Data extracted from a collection
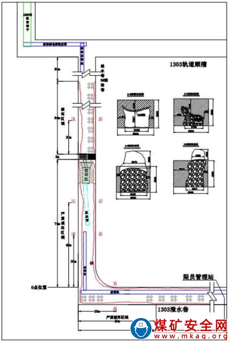 1303 工作面泄水巷與 3 號聯(lián)絡(luò)巷拐點(diǎn)以外 100 米巷道,拐點(diǎn)向上 74 米巷道,共 174 米巷道出現(xiàn)不同程度破壞,其中嚴(yán)重段為拐點(diǎn)以外 40 米巷道及拐點(diǎn)向上 74 米巷道,共計(jì) 114 米;3 號聯(lián)絡(luò)巷貫通點(diǎn)向上 174 米巷道出現(xiàn)不同程度破壞,其中嚴(yán)重段為貫通點(diǎn)以上 84 米巷道。破壞巷道共計(jì) 348 米,其中嚴(yán)重破壞段為198 米。巷道破壞位置見圖 4,具體情況如下:
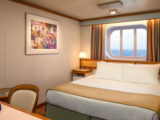 Standardní vybavení kajut: koupelna se sprchou a toaletou, 2 lůžka s možností konfigurace, úložné prostory, minibar, fén, TV.
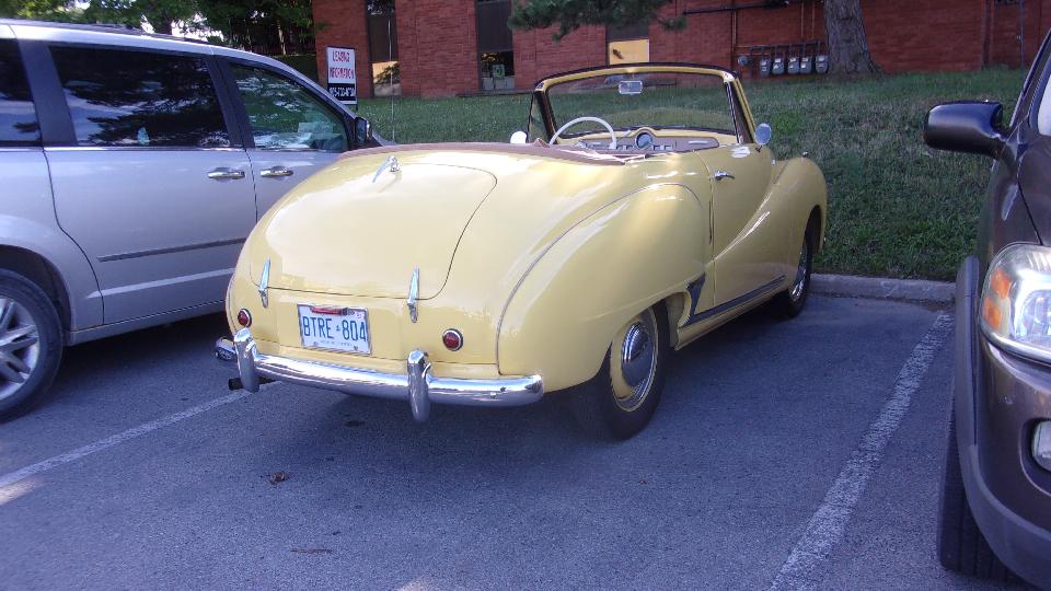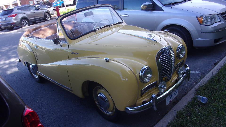 Moved east a couple of hours for an evening meeting with British Saloon Car Club of Canada (Niagra group) in Fonthill ON. Had an interesting walk around the car park, beginning with an Austin A30 (1952-1956). On the side, "Austin of England". On the nose, "Austin".
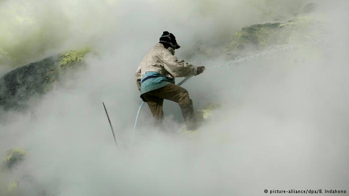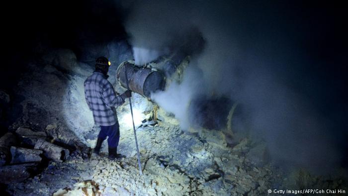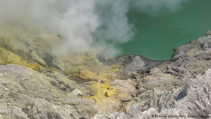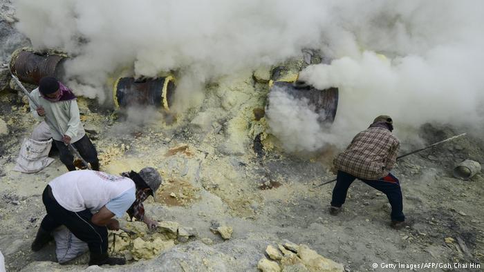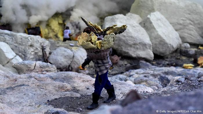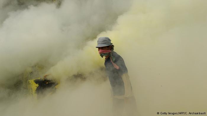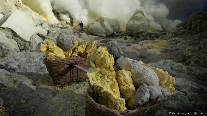 الغبار، والأوساخ، والحرارة المرتفعة: إزالة الكبريت في إندونيسيا تعتبر أصعب مهنة في العالم. على حواف بركان نشط في جاوة الشرقية يخاطر العمال بحياتهم من أجل إزالة المادة الصفراء.
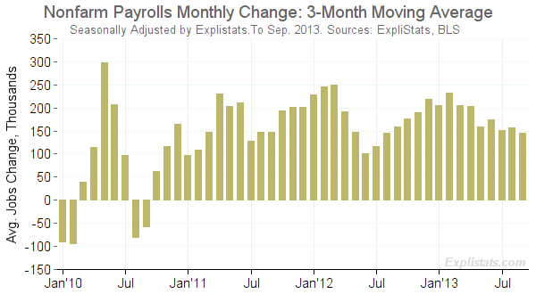 Trend Model. As described generally in Payroll Trends, the trend indication from the BLS’s concurrent seasonal-adjustment model is for a 67,000 monthly payroll gain in October 2013, based on September’s reporting. This excludes any anticipated impact from the recent shutdown in some federal government activity.
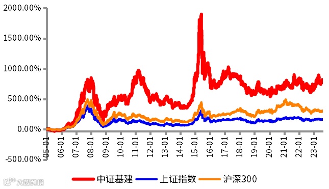 中证基建指数2018-2022年收益率为-26.98%、8.00%、5.18%、16.78%、-17.14%。
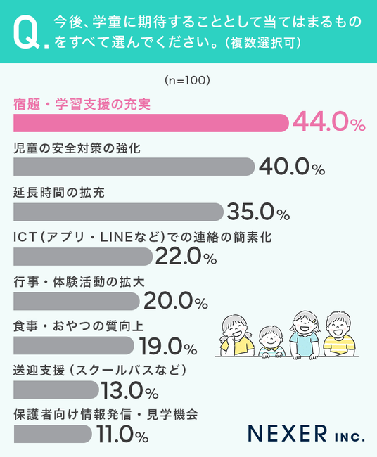 今後学童に期待することとして、もっとも多かったのは「宿題・学習支援の充実」で44%の方が回答していました。
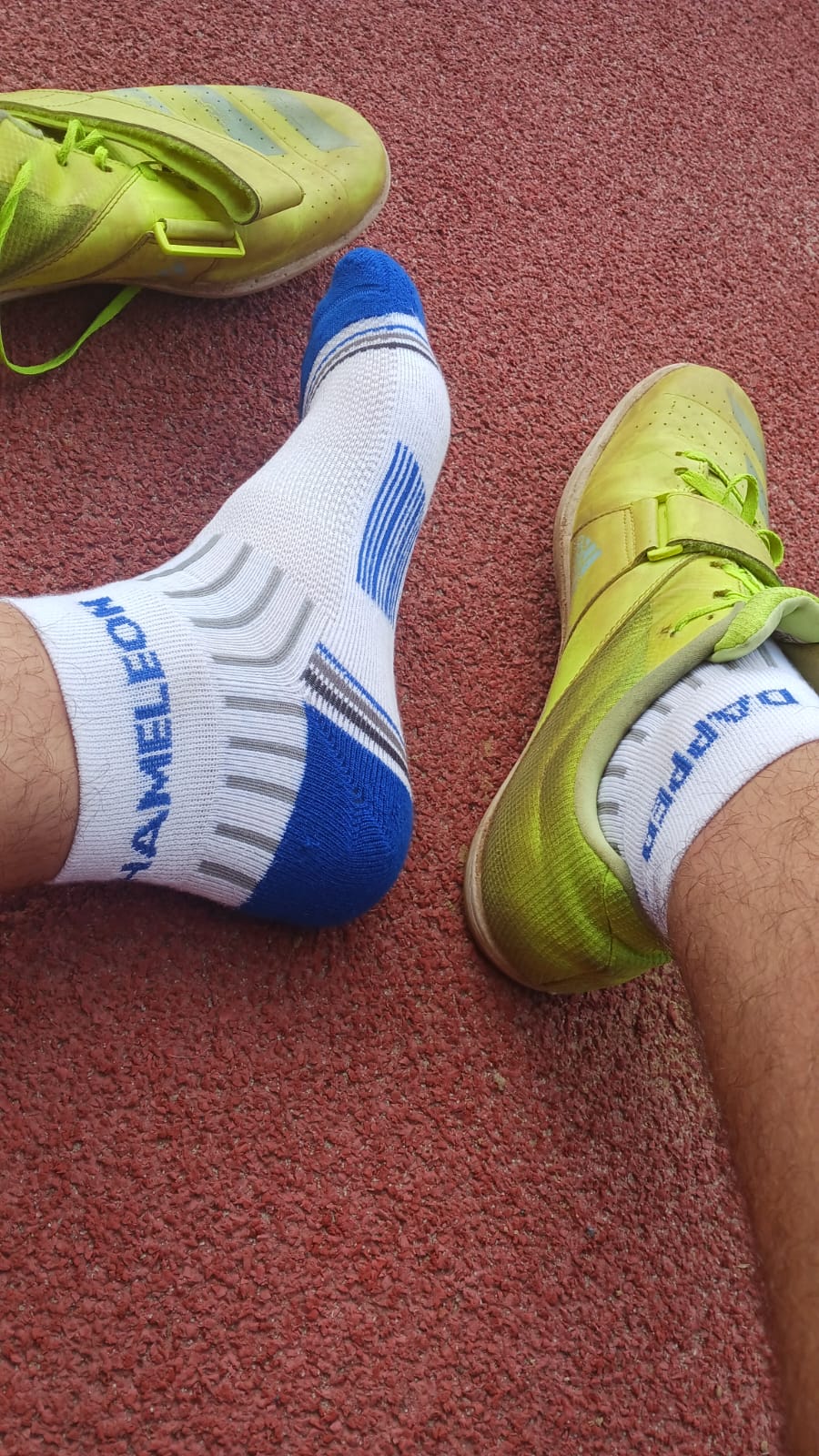 "The socks are incredibly soft and comfy! The men's size fits perfectly (even for a size 12 shoe) the best part is that the sand didn’t even get onto my feet like with other socks! The thickness and softness make a huge difference inside my spikes, providing a softer landing for my jumps."
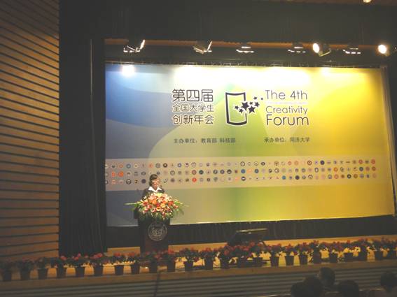 “第四届全国大学生创新年会”是由教育部、科技部主办,同济大学承办并于2011年10月22至23日在上海同济大学隆重举行。年会主要包括大学生学术研究论文交流、大学生创新展板与成果展示、大学生创新思维与创新方法类课程建设研讨、大学生创新训练教师论坛等各项会议内容。来自全国120所“全国大学生创新性实验计划”实施高校的300余师生代表参加了本次论坛。我校教务处有关老师及项目论文学生代表参加了本届年会。
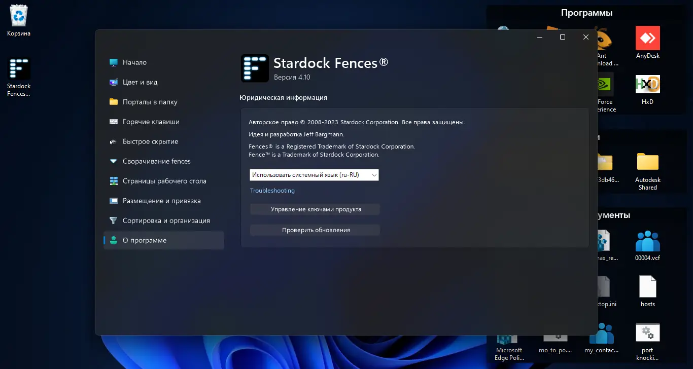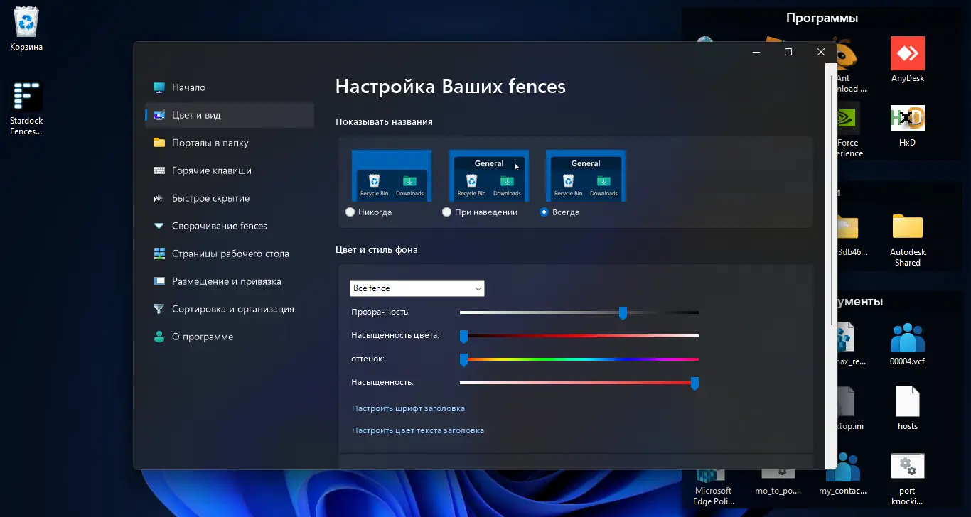 Работа с Stardock Fences
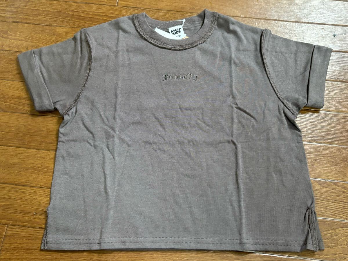 > 新品★ANAPアナップ ロールアップ刺繍半袖Tシャツはブラウン★110
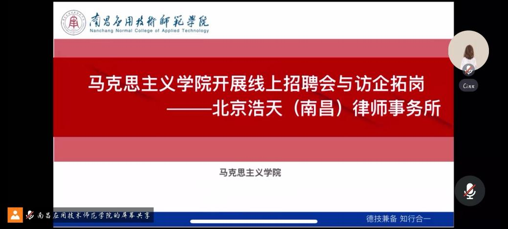 为了畅通毕业生与用人单位之间的沟通渠道,助力毕业生实现高质量就业,马克思主义学院于2024年6月26日举办了一场线上招聘会,邀请了北京浩天(南昌)律师事务所、南昌正维空间设计有限公司参加此次招聘会。此次招聘会旨在为学生提供更多的就业机会,同时帮助企业发掘优秀人才,促进双方的共赢发展。马克思主义学院党总支书记张欣康、就业专员朱文清、毕业班辅导员和部分毕业生参加了会议。
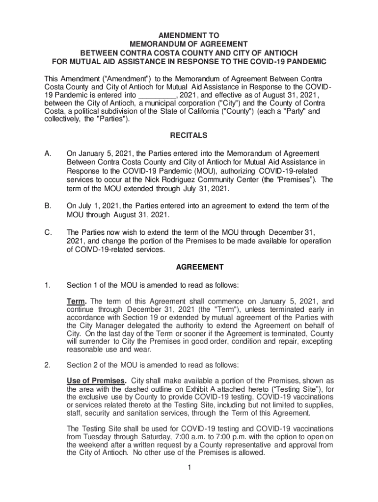 AMENDMENT TO MEMORANDUM OF AGREEMENT BETWEEN CONTRA COSTA COUNTY AND CITY OF ANTIOCH FOR MUTUAL AID ASSISTANCE IN RESPONSE TO THE COVID-19 PANDEMIC This Amendment (Amendment) to the Memorandum of
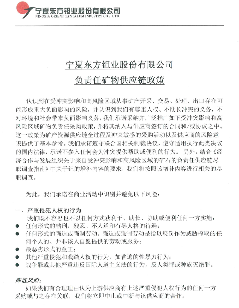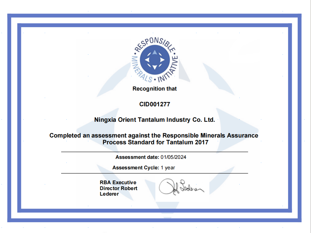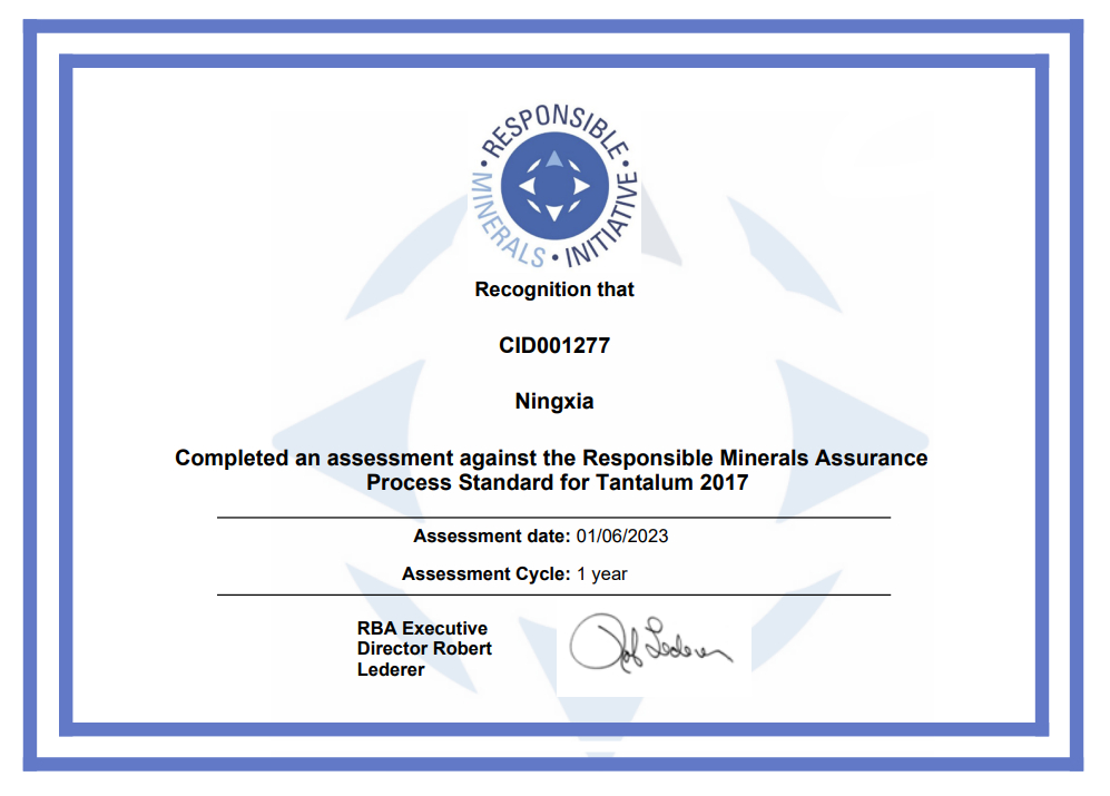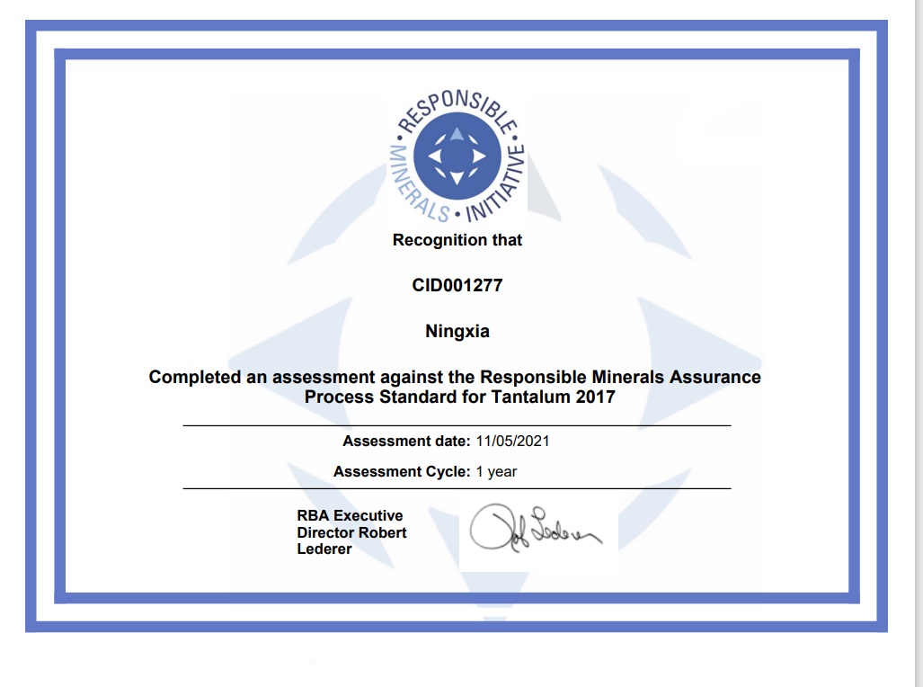 东方钽业通过2021-2022年度RMI_RMAP审核

■ Exercise: Return the data above unchanged. Pictures are not part of the copy.

■ Solution for this problem:
 1303 工作面泄水巷與 3 號聯(lián)絡(luò)巷拐點(diǎn)以外 100 米巷道,拐點(diǎn)向上 74 米巷道,共 174 米巷道出現(xiàn)不同程度破壞,其中嚴(yán)重段為拐點(diǎn)以外 40 米巷道及拐點(diǎn)向上 74 米巷道,共計(jì) 114 米;3 號聯(lián)絡(luò)巷貫通點(diǎn)向上 174 米巷道出現(xiàn)不同程度破壞,其中嚴(yán)重段為貫通點(diǎn)以上 84 米巷道。破壞巷道共計(jì) 348 米,其中嚴(yán)重破壞段為198 米。巷道破壞位置見圖 4,具體情況如下:
 Standardní vybavení kajut: koupelna se sprchou a toaletou, 2 lůžka s možností konfigurace, úložné prostory, minibar, fén, TV.
 Moved east a couple of hours for an evening meeting with British Saloon Car Club of Canada (Niagra group) in Fonthill ON. Had an interesting walk around the car park, beginning with an Austin A30 (1952-1956). On the side, "Austin of England". On the nose, "Austin".
 الغبار، والأوساخ، والحرارة المرتفعة: إزالة الكبريت في إندونيسيا تعتبر أصعب مهنة في العالم. على حواف بركان نشط في جاوة الشرقية يخاطر العمال بحياتهم من أجل إزالة المادة الصفراء.
 Trend Model. As described generally in Payroll Trends, the trend indication from the BLS’s concurrent seasonal-adjustment model is for a 67,000 monthly payroll gain in October 2013, based on September’s reporting. This excludes any anticipated impact from the recent shutdown in some federal government activity.
 中证基建指数2018-2022年收益率为-26.98%、8.00%、5.18%、16.78%、-17.14%。
 今後学童に期待することとして、もっとも多かったのは「宿題・学習支援の充実」で44%の方が回答していました。
 "The socks are incredibly soft and comfy! The men's size fits perfectly (even for a size 12 shoe) the best part is that the sand didn’t even get onto my feet like with other socks! The thickness and softness make a huge difference inside my spikes, providing a softer landing for my jumps."
 “第四届全国大学生创新年会”是由教育部、科技部主办,同济大学承办并于2011年10月22至23日在上海同济大学隆重举行。年会主要包括大学生学术研究论文交流、大学生创新展板与成果展示、大学生创新思维与创新方法类课程建设研讨、大学生创新训练教师论坛等各项会议内容。来自全国120所“全国大学生创新性实验计划”实施高校的300余师生代表参加了本次论坛。我校教务处有关老师及项目论文学生代表参加了本届年会。
 Работа с Stardock Fences
 > 新品★ANAPアナップ ロールアップ刺繍半袖Tシャツはブラウン★110
 为了畅通毕业生与用人单位之间的沟通渠道,助力毕业生实现高质量就业,马克思主义学院于2024年6月26日举办了一场线上招聘会,邀请了北京浩天(南昌)律师事务所、南昌正维空间设计有限公司参加此次招聘会。此次招聘会旨在为学生提供更多的就业机会,同时帮助企业发掘优秀人才,促进双方的共赢发展。马克思主义学院党总支书记张欣康、就业专员朱文清、毕业班辅导员和部分毕业生参加了会议。
 AMENDMENT TO MEMORANDUM OF AGREEMENT BETWEEN CONTRA COSTA COUNTY AND CITY OF ANTIOCH FOR MUTUAL AID ASSISTANCE IN RESPONSE TO THE COVID-19 PANDEMIC This Amendment (Amendment) to the Memorandum of
 东方钽业通过2021-2022年度RMI_RMAP审核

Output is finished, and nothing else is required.